Structural conversion of neurotoxic amyloid-β1–42 oligomers to fibrils

Abstract

Amyloid-β42 (Aβ42) peptide aggregates to form oligomers, protofibrils and fibrils en route to the deposition of amyloid plaques associated with Alzheimer's disease. Structural and functional analyses show that the conversion of Aβ42 oligomers to fibrils is accompanied by reduced neurotoxicity and involves the formation of parallel, in-register β-sheets that are staggered at an intermolecular contact. The amyloid-β1–42 (Aβ42) peptide rapidly aggregates to form oligomers, protofibils and fibrils en route to the deposition of amyloid plaques associated with Alzheimer's disease.
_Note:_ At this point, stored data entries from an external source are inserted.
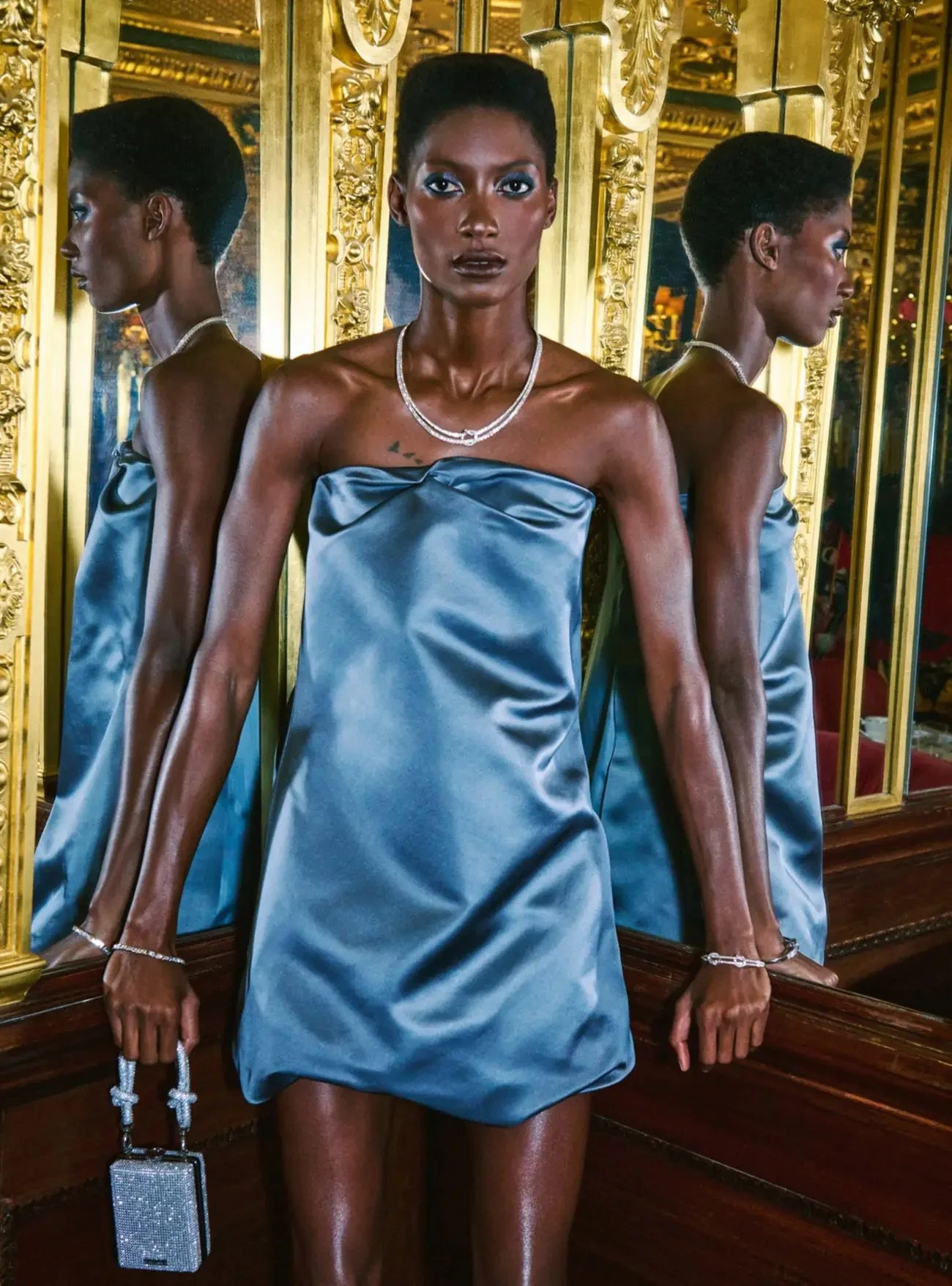 The fashion story ‘More is More’ showcases unadulterated, robber-baron opulence, and acts as a perfect backdrop for Camara’s strong persona and physical presence. Miranda Almond styles the dazzling fashion statements lensed by Jem Mitchell [IG]. / Makeup by Joey Choy; hair by Tyler Johnston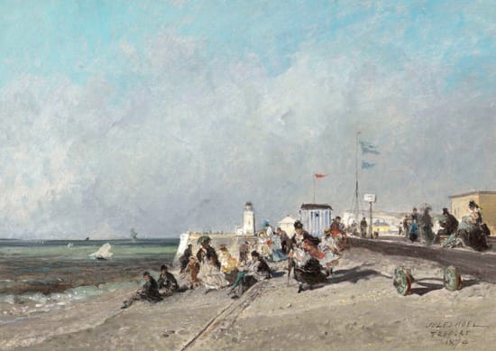 Boudin associated with a number of artists including Théodule Augustin Ribot (1823-1891), Thomas Couture (1815-1879), Constant Troyon (1810-1865) and Louis-Gabriel-Eugène Isabey (1803-1886), and was encouraged to move to Paris to study. Success eluded him; however in 1859 Boudin was awarded a grant by the City of Le Havre to study in Paris for three years. Boudin travelled extensively and would do so all his life, in his early years painting in Normandy and Brittany.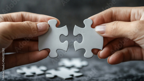 Two hands hold individual jigsaw puzzle pieces, symbolizing teamwork and collaboration in solving complex problems and finding solutions.
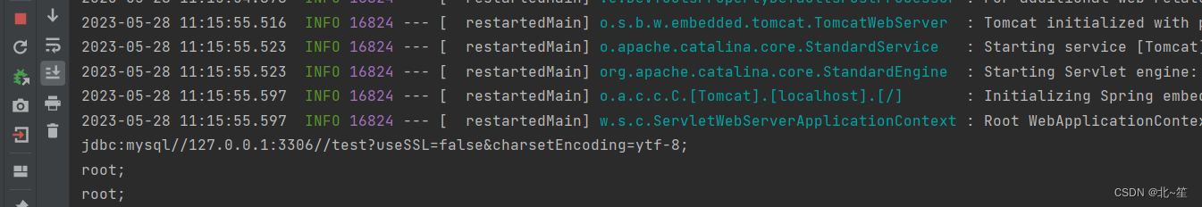 }默认日志输出级别 清除掉配置文件中的日志设置,观察控制台输入的日志级别。

We show that low-temperature and low-salt conditions can stabilize disc-shaped oligomers (pentamers) that are substantially more toxic to mouse cortical neurons than protofibrils and fibrils. We find that these neurotoxic oligomers do not have the β-sheet structure characteristic of fibrils. Rather, the oligomers are composed of loosely aggregated strands whose C termini are protected from solvent exchange and which have a turn conformation, placing Phe19 in contact with Leu34. On the basis of NMR spectroscopy, we show that the structural conversion of Aβ42 oligomers to fibrils involves the association of these loosely aggregated strands into β-sheets whose individual β-strands polymerize in a parallel, in-register orientation and are staggered at an intermonomer contact between Gln15 and Gly37.